Sending batches of SPs at one time from Application

  • The developers I am working with are taking to the idea of stored procedures which is great. Problem is now they seem to be sending batches of stored procedures at the server at one time. I don't think this is beneficial. Here is an example of what I am getting thrown at the server

    EXEC [DBO].[GET_XXXCONTACTS] @P_TRANSACTIONSID; EXEC [DBO].[GET_XXXASSIGNEDCONTACTS] @P_TRANSACTIONSID; EXEC [DBO].[GET_XXXTRANSACTIONS] @P_TRANSACTIONSID; EXEC [DBO].[GET_XXXCOST] @P_TRANSACTIONSID; EXEC [DBO].[GET_XXXRATE] @P_TRANSACTIONSID; EXEC [DBO].[GET_TAXRATEG] @P_TRANSACTIONSID; EXEC [DBO].[GET_PO] @P_TRANSACTIONSID;

    I have removed most of the other transactions. There are about 25-30 of them. Here are the issues I have with this -

    1) Makes performance debugging a nightmare. All transactions taking 860 micro Secs currently. I can not see what one transaction is taking.

    2) From the application side is there really a benefit to hitting the server once vs 30 times. I know on the server it is still processing 30 commands so I can not imagine a speed gain here

    3) I would think I/O would suffer trying to jam a bunch of data through the network

    Any thoughts would be appreciated

  • I agree with you, it is an ugly and not scalable way to interact with a database server. They should pull all of the rows they need relating to a given transactionID in one batch and receive it as a result set.

    I sympathize. The sad part about all of this is that the typical developer doesn't understand the power of set based processing and efficiency of relational logic. Rarely in my career have I seen a development project leverage the database architecture as a major part of a system design. Subsequently they almost always experience performance and scalability issues later on.

    All you can do is send a memo stating your concerns and recommendations and reasons why (be sure and save a copy of it for later when the finger pointing starts). Good Luck.

    The probability of survival is inversely proportional to the angle of arrival.

  • I understand what you are saying because I feel that way often...Problem is I am the chosen Gatekeeper or Architect. They will listen if I steer them in the correct direction. I just want to make sure that I fuel my argument (many to one). So I am hoping that you and others can give concrete examples where this approach fails.

  • Well here are two concrete reasons why not to do it the way they are doing it:

    1) Performance: there is a overhead associated with each batch, from the network latency of the packets being sent to the result coming back. Each transaction increases contention on the server and a fair amount of work is involved in setting up and optimizing each query (batch). It is much better to do this overhead one time for X amount of data instead X times for X amount of data.
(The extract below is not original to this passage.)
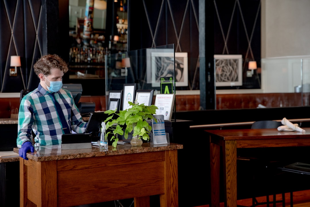 Steven Lewis, restaurant manager, checks reservations wearing a mask and gloves on Thursday, Oct. 8 at Trumbull Kitchen in Hartford. Credit: Yehyun Kim / ctmirror.org

    2) data integrity: The only way to guarantee that all the separate pieces of information relating to a given transactionID are consistent and correct is to request them and return then in a single transaction. Remember, the data can change between the time the first batch is sent and the last batch is sent. This can be the source for a very bad bugs in your application. Data integrity/consistency is job #1 for DBAs (whether developers understand the concept or not).
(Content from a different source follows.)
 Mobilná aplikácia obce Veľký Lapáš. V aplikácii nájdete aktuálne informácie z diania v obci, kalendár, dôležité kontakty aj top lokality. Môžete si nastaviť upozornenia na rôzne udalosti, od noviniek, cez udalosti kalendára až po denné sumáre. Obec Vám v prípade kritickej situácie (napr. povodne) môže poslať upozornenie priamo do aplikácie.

    The probability of survival is inversely proportional to the angle of arrival.

  • JKSQL (5/12/2011)


    The developers I am working with are taking to the idea of stored procedures which is great. Problem is now they seem to be sending batches of stored procedures at the server at one time. I don't think this is beneficial. Here is an example of what I am getting thrown at the server

    EXEC [DBO].[GET_XXXCONTACTS] @P_TRANSACTIONSID; EXEC [DBO].[GET_XXXASSIGNEDCONTACTS] @P_TRANSACTIONSID; EXEC [DBO].[GET_XXXTRANSACTIONS] @P_TRANSACTIONSID; EXEC [DBO].[GET_XXXCOST] @P_TRANSACTIONSID; EXEC [DBO].[GET_XXXRATE] @P_TRANSACTIONSID; EXEC [DBO].[GET_TAXRATEG] @P_TRANSACTIONSID; EXEC [DBO].[GET_PO] @P_TRANSACTIONSID;

    1) Makes performance debugging a nightmare. All transactions taking 860 micro Secs currently. I can not see what one transaction is taking.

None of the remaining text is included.